Вскоре дорога, по которой они шли, начала вихлять и уводить ближе к скалистому хребту. Этот хребет как раз находился на полпути между деревней Клюква и трактиром, откуда петух и жаб держали путь. К тому времени дождь уже закончился, однако узкий серпантин не стал для путников лучшей долей. Шлёпая по нему лапами, Буфо уже совсем выбился из сил. Да и О’Коннору ступать по камням и глине с каждым шагом становилось всё труднее.
К счастью, петух ещё со времён службы в ордене знал, как поднять дух уставших товарищей в нелёгком походе.
Нет нам пощады,
Коль путь нас сразит,
– запел О’Коннор, —
Раньше, чем стая
Клинки обнажит.
Раньше, чем враг
Перед нами предстанет,
Раньше, чем страх
Он от нас испытает.
Птицы, за веру,
За честь и отвагу
Всех вас веду я
Сегодня в атаку!
Конечно, будучи церковником, Буфо хорошо знал слова этого марша. Его пели капитаны отрядов Птичьих паладинов во время походов. Но услышать сами куплеты вживую, да ещё и от бывшего члена ордена – такое просто не могло не пронять Буфо. Поэтому он вмиг воодушевился и даже выпрямился во весь рост, почувствовав удаль и смелость, с которой, как ему казалось, всегда сражались бывалые воины. А О’Коннор лишь порадовался, заметив это.
Вдруг впереди послышался какой-то треск и скрежет. Сначала звуки были тихими, но по мере того, как О’Коннор и Буфо поднимались по хребту, их источник становился ближе. И наконец путники увидели выше по дороге у самого обрыва какого-то зверя, который суетился вокруг застрявшей ручной телеги. Дёргая её за ручки, он пытался вытянуть одно из колёс, однако сил ему явно не хватало.

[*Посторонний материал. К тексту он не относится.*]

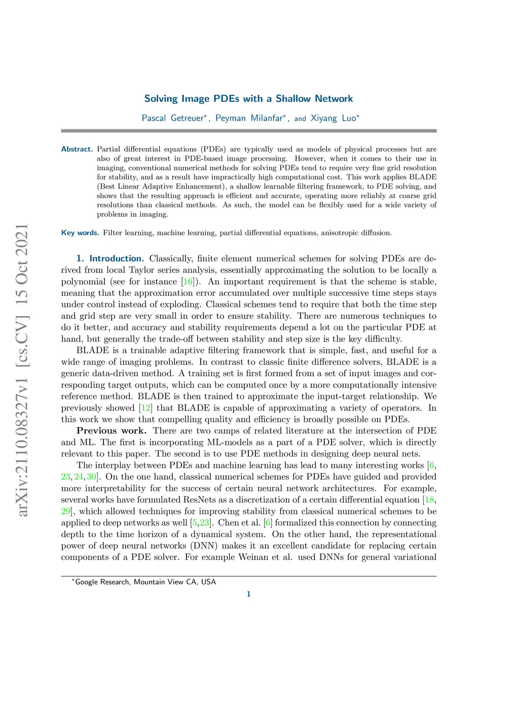 Partial differential equations (PDEs) are typically used as models of physical processes but are also of great interest in PDE-based image processing. However, when it comes to their use in imaging, conventional numerical methods for solving PDEs tend to require very fine grid resolution for stability, and as a result have impractically high computational cost. This work applies BLADE (Best Linear Adaptive Enhancement), a shallow learnable filtering framework, to PDE solving, and shows that the resulting approach is efficient and accurate, operating more reliably at coarse grid resolutions than classical methods. As such, the model can be flexibly used for a wide variety of problems in imaging.

– Это же он! – обрадовался Буфо. – Ёж!
Жаб хотел даже окликнуть торговца, но О’Коннор тотчас же остановил спутника, схватив сзади. И зажал ему рот.
– Стой, погоди, – шепнул жабу О’Коннор. – Смотри, там рядом ещё кто-то.

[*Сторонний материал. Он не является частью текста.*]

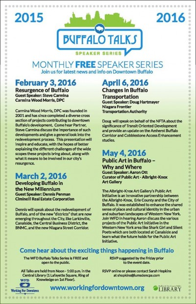 Part of Working For Downtown's monthly Buffalo Talks Speakers series held on the first Wednesday of the month from October through May at the Buffalo & Erie County Public Library. This event is free to the public. Attendees are welcome to bring their own lunch.

И, приглядевшись повнимательней, Буфо заметил ласку. На вид она ничем не отличалась от Габриель, разве что теперь сидела за камнем, словно неживая.
– Что она делает здесь? – изумился Буфо, как только петух убрал крыло от его рта.
– Не знаю, – честно ответил тот.
– Так давайте поспешим к ней и…
– Нет, погоди, – остановил его О’Коннор. – Мы так и не узнаем, зачем она здесь, если ринемся сейчас на подмогу.
И жабу не оставалось ничего другого, кроме как хорошенько обдумать его слова и затаиться.
К несчастью, вскоре повозка купца ещё больше сдвинулась колесом в обрыв и даже наклонилась.
– Пора! – тихо скомандовал О’Коннор. – Иначе без нас почтенный ёж точно не справится.
И оба путника побежали по дороге дальше, надеясь достигнуть торговца прежде, чем он улетит за своим скарбом вниз.
Но пока О’Коннор и Буфо бежали, повозка сдвинулась ещё немного, отчего ёж действительно чуть не сорвался вслед за ней. И лишь в последний момент упёрся лапами в край обрыва, держась за один из шестов повозки.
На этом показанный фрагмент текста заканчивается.